#### [Provided entries]
┌──
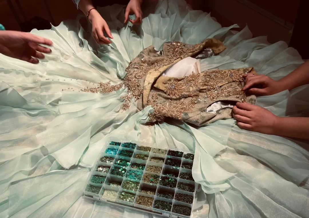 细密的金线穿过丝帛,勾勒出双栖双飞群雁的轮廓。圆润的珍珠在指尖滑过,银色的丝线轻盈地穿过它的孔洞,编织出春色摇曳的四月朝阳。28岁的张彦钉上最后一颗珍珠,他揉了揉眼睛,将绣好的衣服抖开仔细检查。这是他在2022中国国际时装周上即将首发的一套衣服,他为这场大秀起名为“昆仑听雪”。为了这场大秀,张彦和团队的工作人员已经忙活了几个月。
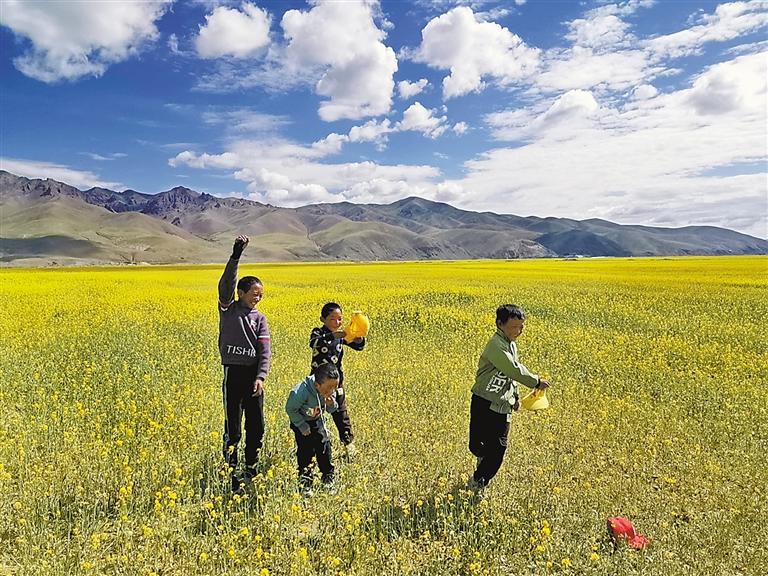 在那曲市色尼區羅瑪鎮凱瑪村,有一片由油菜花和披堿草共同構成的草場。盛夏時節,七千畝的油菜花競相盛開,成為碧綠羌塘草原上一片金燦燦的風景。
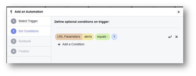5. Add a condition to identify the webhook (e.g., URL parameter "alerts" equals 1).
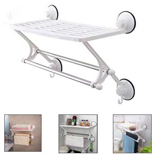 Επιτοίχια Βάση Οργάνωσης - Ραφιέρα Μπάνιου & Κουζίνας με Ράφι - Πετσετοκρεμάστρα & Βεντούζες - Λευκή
└──
┌──
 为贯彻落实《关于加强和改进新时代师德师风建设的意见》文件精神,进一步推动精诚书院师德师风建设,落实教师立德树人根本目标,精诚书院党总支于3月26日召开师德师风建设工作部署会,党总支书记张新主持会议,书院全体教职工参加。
└──
┌──
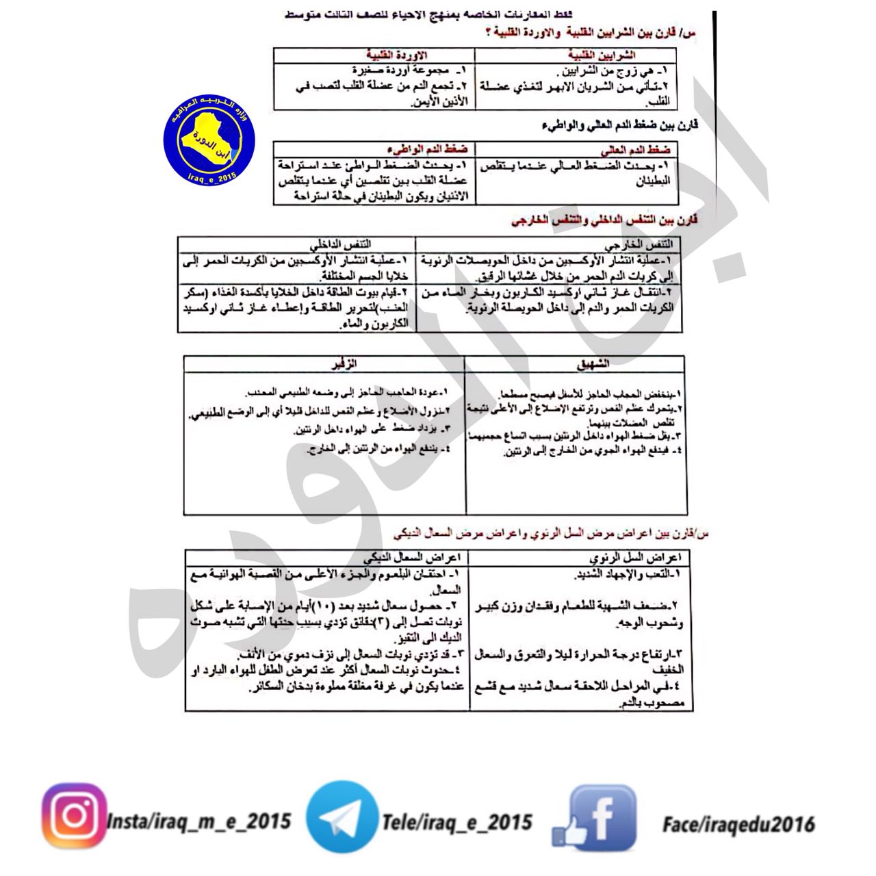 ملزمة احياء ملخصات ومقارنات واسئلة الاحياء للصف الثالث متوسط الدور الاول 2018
└──
#### [Work order]
Nothing but the lines from the one containing "5. Add a condition" through the one containing "Επιτοίχια Βάση Οργάνωσης" should appear, copied exactly from the material above and without pictures.

#### [Task answer]
5. Add a condition to identify the webhook (e.g., URL parameter "alerts" equals 1).
 Επιτοίχια Βάση Οργάνωσης - Ραφιέρα Μπάνιου & Κουζίνας με Ράφι - Πετσετοκρεμάστρα & Βεντούζες - Λευκή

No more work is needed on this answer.